DE WERELD NU

De zaak Slavenburg en corporatief strafrecht

corporatief strafrecht

Met de zaak-Slavenburg kwamen onfrisse mankementen van het corporatief strafrecht in Nederland boven tafel. Toon Kasdorp legde het uit.

De conclusie van het Openbaar Ministerie was dat de overheidsinstanties die te kort geschoten waren niet konden worden vervolgd voor de ramp in Enschede. Er is wel sprake geweest van schuld en nalatigheid, maar er was geen delictsomschrijving vervuld.
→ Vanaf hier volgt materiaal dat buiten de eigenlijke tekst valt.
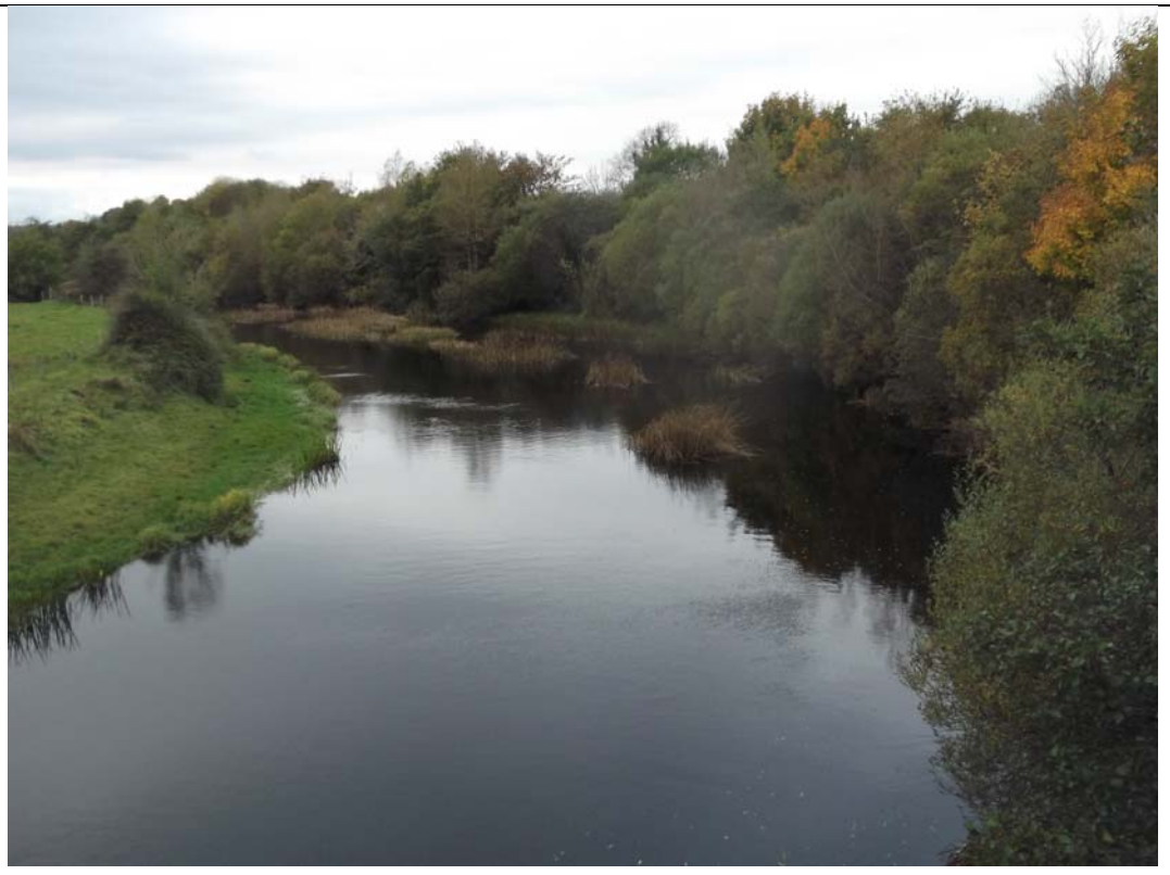
Plate 3.4.6 View of River Deel with stands of Common Club-rush near Deelcastle

De wetgever, zei de Almelose officier, heeft dat kennelijk zo gewild, anders had hij de wet wel anders geformuleerd.

Een ding is zeker, de wetgever is geen mijnheer of mevrouw die iets wil of niet wil en die heeft nagedacht over het strafrechtelijk aanpakken van overheden. De wetgever, dat is de Kroon, tezamen met de Eerste en Tweede Kamer. Hun belangrijkste werk is het maken van de duizenden wetten die jaarlijks het bureau van de minister en de werkbankjes van het parlement passeren.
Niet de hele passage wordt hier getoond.